Eddie’s been a musical presence since his early teens when he formed a neighborhood band with Cliff Burton of Metallica and Mike Borden of Faith No More, and over the years, he’s managed to sell 8 million albums and singles as a writer, producer and singer. Just to give you a couple of his career high points, he worked on 2 Live Crew’s “Me So Horny”, busted out the number one single “Would I Lie to You” with his neo-soul duo Charles and Eddie, and sharpened his producer chops with legendary Dust Brothers (The Beastie Boys, Beck, Rolling Stones). After years of searching for a true muse, he found it in the heavenly form of Sissy St. Marie, a former school teacher whose angelic voice prompted Eddie to lock her reluctantly in a recording booth and set her sultry calls to tape. While Sissy’s vocals have been compared to those of Nico and Debbie Harry, Eddie’s voice has taken a turn from its soul background and here finds itself more Bowie than Marvin Gaye, more restrained and stoic, though unable to fight away the occasional visits to Bee Gees-esque falsetto territory.

In finding the sound and feel of Bolshevik Disco, Eddie and Sissy took much of their inspiration from classic and cult movies: the cold winters of forbidden love between Yuri Zhivago and his beloved Laura, the enigmatic sexual awakening of O., the on and off screen eeriness of Rosemary’s Baby, the alchemic symbology of Jodorwosky, the supernatural lust of 80’s fantasy films such as The Hunger and Cat People, the ominous retro-futuristic detachment of Blade Runner, and the comic book camp of Italian cult film Baba Yaga. And with those seasonings in the grinder, it was a friend’s eyewitness tale of a Russian dance club experience that set them going with the concept of Bolshevik Disco, a nightclub world where patrons were put through a “Face Control” and then directed down one of two tunnels. At the end of the tunnel, the revelers-to-be would either find themselves in the cold snowy outside or in the warm vibrations of a disco-lit club, depending on whether or not their faces had passed the test. This idea of a fascist controlled nightlife was soon twisted by Eddie and Sissy into, not a world where people are left out of the fun, but instead a world where everyone is ordered to have fun…on the dance floor.

On Bolshevik Disco, the duo paint a picture of mystical lovers, whose utopian fantasies reach a fever pitch resulting in an absurd, anti-establishment, bohemian disco revolution mob busting down velvet ropes and demanding fun for all, one world united under the flashing disco lights, dancing and sweating together, embracing love and the groove as one. And oddly, there really is no way to escape the call of the Polyamorous beat, I challenge you to listen to their charge and not find your feet moving about with a life all their own.

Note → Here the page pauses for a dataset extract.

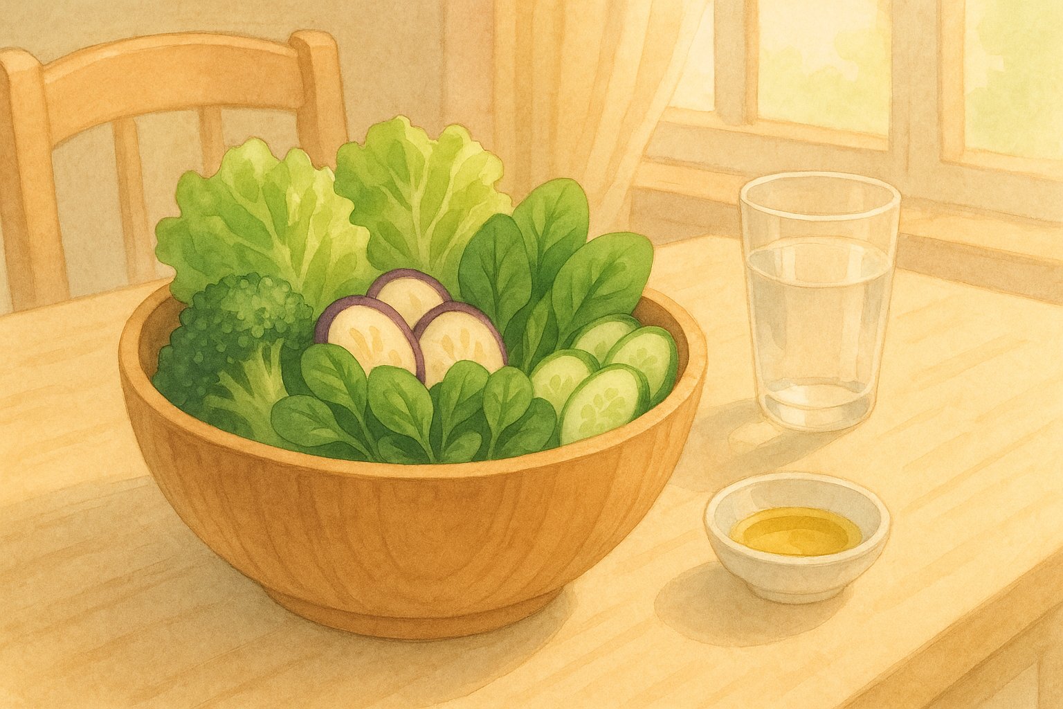 - 생채소와 익힌 채소의 균형: 양상추, 오이 등 생으로 먹을 수 있는 채소와 함께 브로콜리나 시금치는 데쳐서 활용하면 소화 부담이 적습니다.

It’s a beautiful thing when a band can evolve as artists and find ways to be innovative, and here The Polyamorous Affair has managed to do just that. What makes The Polyamorous Affair what it is, their playful childlike spirit, has been kept intact and allowed to wander into further realms in search of adventure. With “Face Control,” the revolution begins as all are called to the floor by Sissy’s beckoning whispers and a pumping beat. Simply put, their sci-fi dance take on Lou Reed’s “Satellite of Love,” which has Sissy playing it straight like an android waxing nostalgic about her childhood memories of baby spiders, has twisted a powerful original tune into something equally powerful, though wholly different. “White Hot Magic” is undeniably a dance anthem for many a night, the song you’d be playing at full blast to get ready for the night or just to keep it going. It’s the kind of the song that might even have the power to slow down time and make the night last forever. With “Fashion,” Eddie calls us to push our fashion to the limit with a bouncing beat, flowing keyboards, and hand claps. And damn if you don’t want to do what he says. On “New York City,” Eddie and Sissy duet about their search for one another, which in truth is a tale that is another story for another day. While it’s a slower jam, it’s able to dance on your heartstrings a bit with its emotionally tinged synth symphony. With “You Are,” the lovers duet again, playfully exploring the mixed feelings of falling in love in a Bardot/Gainsbourg playing Barrow/Parker tit-for-tat style, and sweeping us up in what would seem to be like a very lovely Valentine date to witness, one full of love, wry cleverness, odd references, and a hip swaying groove. With “In Love,” Eddie and Sissy harken back to the days of 54 with thumping beats, the soaring twirl of ABBA type synths, and background harmonies that leave us barely able to control the ecstatic need to feel and spread love all around.

Bolshevik Disco in its entirety is much like a Ziggy Stardust type saga dressed in revolutionary regalia, an epic shot of love and good times. In dark times such as these, The Polyamorous Affair help us once again to escape, for 10 songs at least, into a fantasy world that is hard to leave, but thankfully very easy to visit.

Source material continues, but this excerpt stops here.